Department of Microbiology, Tumor and Cell Biology, Karolinska Institutet - Biomedicum, Solnavägen 9, 17165 Solna, Sweden.
Biological and Biomimetic Material Laboratory (BBML), Center for Sustainable Materials (SusMat), School of Materials Science and Engineering, Nanyang Technological University (NTU), Singapore, Singapore 637553.
Anal Chem. 2023 Jul 25;95(29):10869-10872. doi: 10.1021/acs.analchem.3c02384. Epub 2023 Jul 13.
Engineering liquid-liquid phase separation (LLPS) of proteins and peptides holds great promise for the development of therapeutic carriers with intracellular delivery capability but requires accurate determination of their assembly properties , usually with fluorescently labeled cargo. Here, we use mass spectrometry (MS) to investigate redox-sensitive coacervate microdroplets (the dense phase formed during LLPS) assembled from a short His- and Tyr-rich peptide. We can monitor the enrichment of a reduced peptide in dilute phase as the microdroplets dissolve triggered by their redox-sensitive side chain, thus providing a quantitative readout for disassembly. Furthermore, MS can detect the release of a short peptide from coacervates under reducing conditions. In summary, with MS, we can monitor the disassembly and cargo release of engineered coacervates used as therapeutic carriers without the need for additional labels.

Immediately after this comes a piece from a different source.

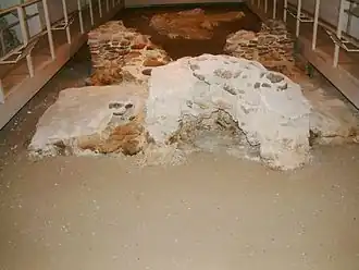 In Poland, the earliest archeological sites considered Slavic include a limited number of 6th-century settlements and a few isolated burial sites. The material obtained there consists mostly of simple, manually formed ceramics, typical of the entire early Slavic area. It is on the basis of the different varieties of these basic clay pots and infrequent decorations that the three cultures are distinguished.[24] The largest of the earliest Slavic (Prague culture) settlement sites in Poland that have been subjected to systematic research is located in Bachórz, Rzeszów County, and dates to the second half of 5th through 7th centuries. It consisted of 12 nearly square, partially dug-out houses, each covering the area of 6.2 to 19.8 (14.0 on the average) square meters. A stone furnace was usually placed in a corner, which is typical for Slavic homesteads of that period, but clay ovens and centrally located hearths are also found.[12] 45 newer dwellings of a different type from the 7th/8th to 9th/10th centuries have also been discovered in the vicinity.[25][26]

工程化液-液相分离 (LLPS) 蛋白质和肽对于开发具有细胞内递药能力的治疗载体具有巨大的应用前景,但需要准确确定它们的组装特性,通常需要使用荧光标记的货物。在这里,我们使用质谱 (MS) 来研究由短的富含组氨酸和酪氨酸的肽组装而成的氧化还原敏感共凝聚微滴(LLPS 过程中形成的密集相)。我们可以监测到疏相中的还原肽的富集,因为微滴在其氧化还原敏感侧链的触发下溶解,从而为解组装提供定量读数。此外,MS 可以检测到在还原条件下短肽从共凝聚物中的释放。总之,通过 MS,我们可以监测作为治疗载体的工程共凝聚物的解组装和货物释放,而无需额外的标签。